January sales were up 3.7 per cent from a month earlier after seasonal adjustments, and up 22 per cent from a year ago when sales were particularly soft.
The increase added to the 8.7 per cent seasonally adjusted jump in December activity from a month earlier.
The rise in sales is helping tighten market conditions, though areas with the highest sales gains are still seeing prices trend lower, said CREA senior economist Shaun Cathcart in a press release.
"Taken together, these trends suggest a market that is starting to turn a corner but is still working through the weakness of the last two years."
The sizable jump in January sales from a year earlier reflects how weak the market was in early 2023, when it had the worst start to almost any year in the past two decades. Sales last month were still about nine per cent below the 10-year average.

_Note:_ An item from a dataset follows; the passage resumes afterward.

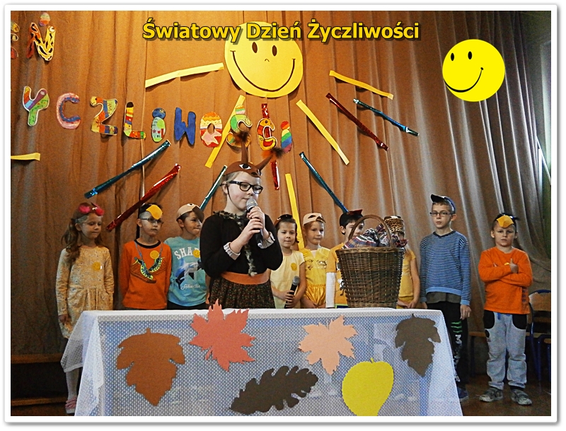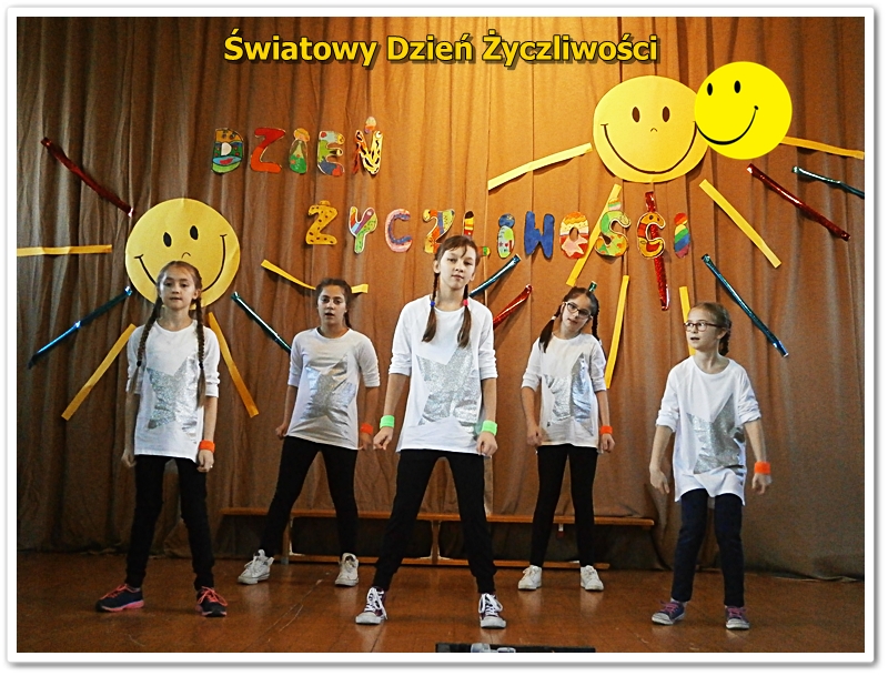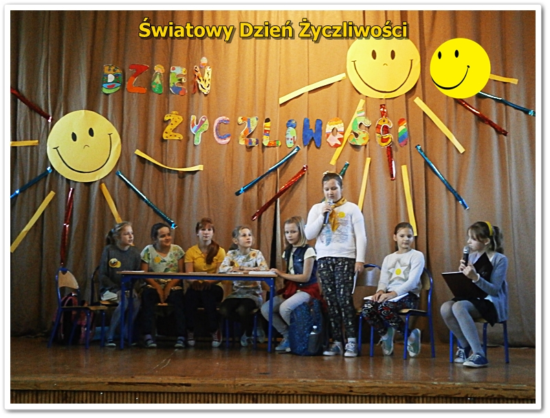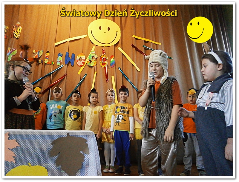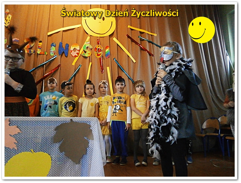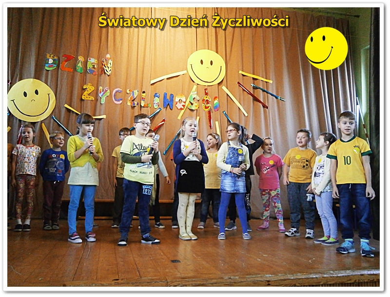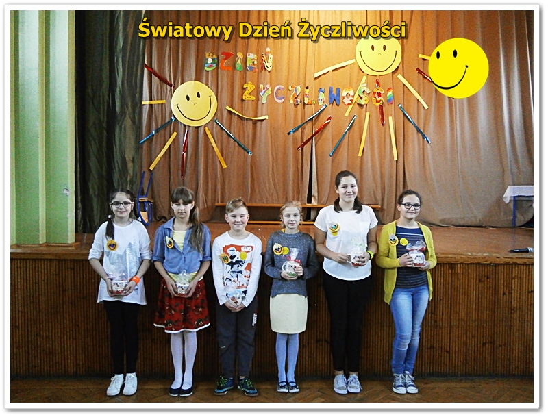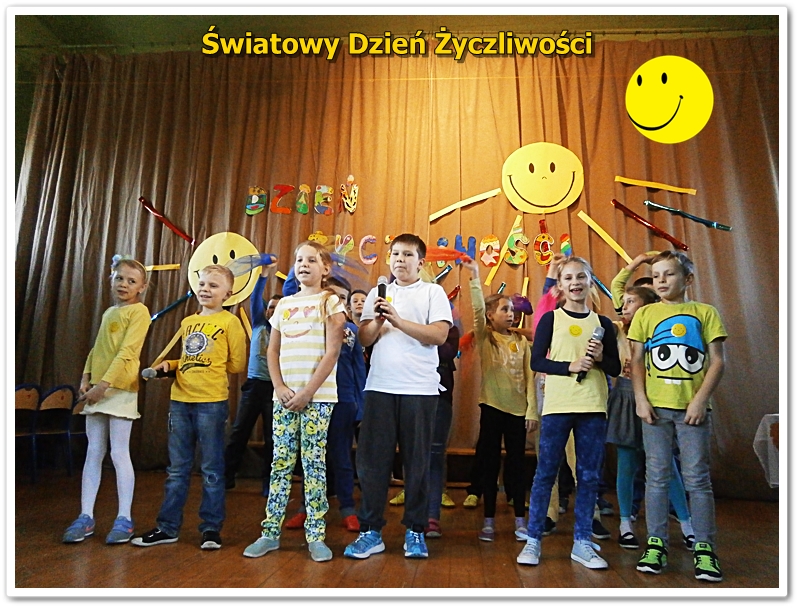 We wtorek 22 listopada Świętowaliśmy Dzień Życzliwości. Wiele osób ubrało się na żółto. Wszyscy uczniowie i nauczyciele otrzymali uśmiechnięte buźki. Odbyła się uroczysta akademia z przedstawieniami, piosenkami i tańcami. Zwycięzcy klasowych plebiscytów otrzymali od Pani Dyrektor ordery życzliwości i drobne upominki. W szkole panował wesoły nastrój i świąteczna atmosfera. Tak naprawdę jednak każdy dzień powinien być pełen życzliwości, uśmiechu i wzajemnej sympatii. Bądźmy życzliwi nie tylko w ten wyjątkowy dzień, ale przez cały rok - mówi pedagog szkolny p.Alicja Szkutek - organizator akademii.

Sales gains in January from a month earlier were most notable in Ontario, which saw a seasonally adjusted 6.9 per cent gain, and B.C., where sales rose 4.5 per cent.
The aggregate benchmark price, which aims to represent price changes of a typical home, was up 0.6 per cent from a year earlier to $717,800.
However, the benchmark price fell 1.2 per cent month-over-month.
Rising activity and soft prices is mostly an Ontario and B.C. story, said TD economist Rishi Sondhi in a note.
"Our take on this dichotomy is that sellers capitulated on their asking price to move their homes, as conditions in these markets previously favoured buyers," he said.
The rise in sales, helped by the weather and falling bond yields, are moving past TD's expectations, said Sondhi.
"While we had expected Canadian home sales to increase in the first quarter ... they are on track to exceed our forecast by a considerable margin."
Rising sales outpaced the number of newly listed properties, up 1.5 per cent month-over-month, to create a more balanced market.
Sondhi said average home price growth is expected to continue in tighter markets, but that severe affordability deteriorations in some markets should limit runaway price growth.
BMO senior economist Robert Kavcic cautioned in a note that sales are generally weak in the winter months, so it won't be until spring housing numbers start to appear that there will be a clear picture on the trend.
"We’ll really need to see how the numbers start to look in March and beyond," said Kavcic.
"So far, there remain encouraging signs that the market has troughed alongside improved sentiment and some lower fixed mortgage rates — and there is pent-up demand on the sidelines."